Ishibashi Matsujiro, Arakawa Tsutomu, Philo John S, Sakashita Kentaro, Yonezawa Yasushi, Tokunaga Hiroko, Tokunaga Masao
Laboratory of Applied and Molecular Microbiology, Faculty of Agriculture, Kagoshima University, 1-21-24 Korimoto, Kagoshima 890-0065, Japan.
FEMS Microbiol Lett. 2002 Nov 5;216(2):235-41. doi: 10.1111/j.1574-6968.2002.tb11441.x.

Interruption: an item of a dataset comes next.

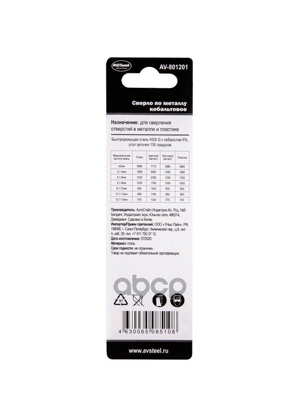 Сверло по металлу 1,0 мм "AV Steel" (уп-2шт) (Р6М5К5/М35, Cobalt HSS-Co 5%) интересное:

Most halophilic enzymes from extremely halophilic archaea are denatured immediately after transfer from high-salt to low-salt medium. However, nucleoside diphosphate kinase (HsNDK) from the extremely halophilic archaeon Halobacterium salinarum seems to be exceptional, since the enzyme exhibited catalytic activity even under the low-salt condition. Here we show the mechanism how HsNDK is active under both high- and low-salt conditions that the HsNDK hexamer in high-salt medium dissociates into a dimer in the low-salt medium without denaturation. The observed change of the subunit structure was accompanied by a large decrease of alpha-helical content and lowered thermal sensitivity, yet keeping the conformations. This novel hexamer to dimer conversion under high- and low-salt conditions, respectively, seems to be the mechanism by which HsNDK is avoided from the irreversible denaturation.

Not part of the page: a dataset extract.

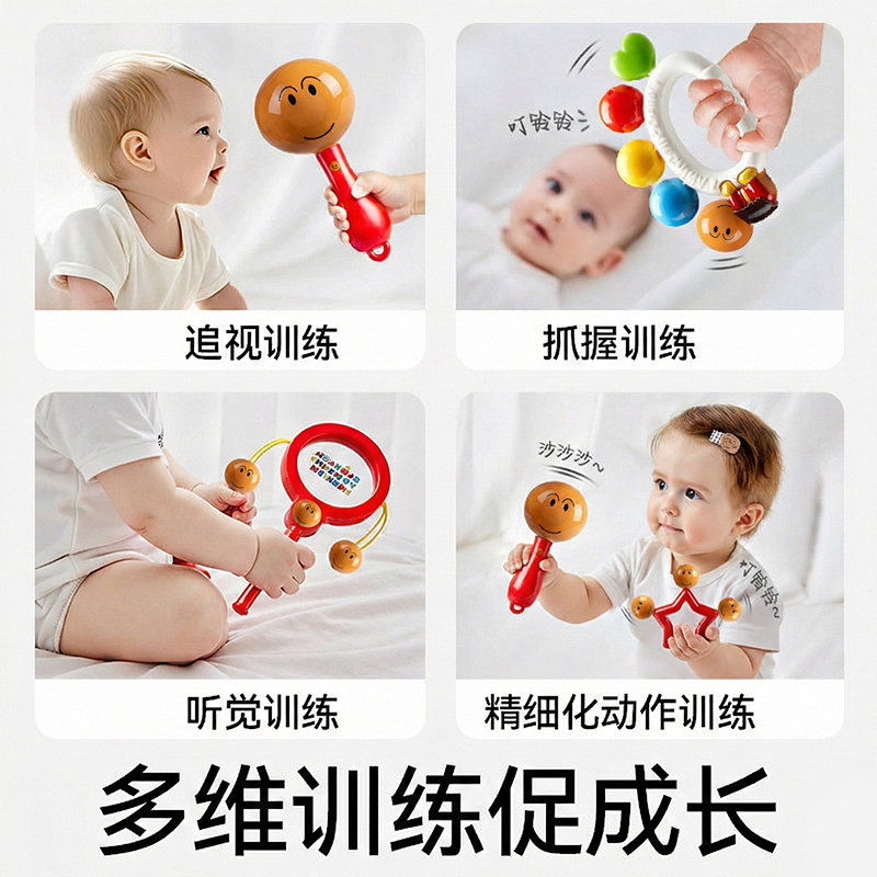 手摇铃超人新生婴儿非玩具0到6个3拨浪鼓宝宝抓握沙锤模型训练

大多数来自极端嗜盐古菌的嗜盐酶在从高盐培养基转移到低盐培养基后会立即变性。然而,来自极端嗜盐古菌盐沼盐杆菌的核苷二磷酸激酶(HsNDK)似乎是个例外,因为该酶即使在低盐条件下也表现出催化活性。在这里,我们展示了HsNDK在高盐和低盐条件下均具有活性的机制,即高盐培养基中的HsNDK六聚体在低盐培养基中解离成二聚体而不会变性。观察到的亚基结构变化伴随着α-螺旋含量的大幅下降和热敏感性的降低,但仍保持构象。这种分别在高盐和低盐条件下从六聚体到二聚体的新型转变,似乎是HsNDK避免不可逆变性的机制。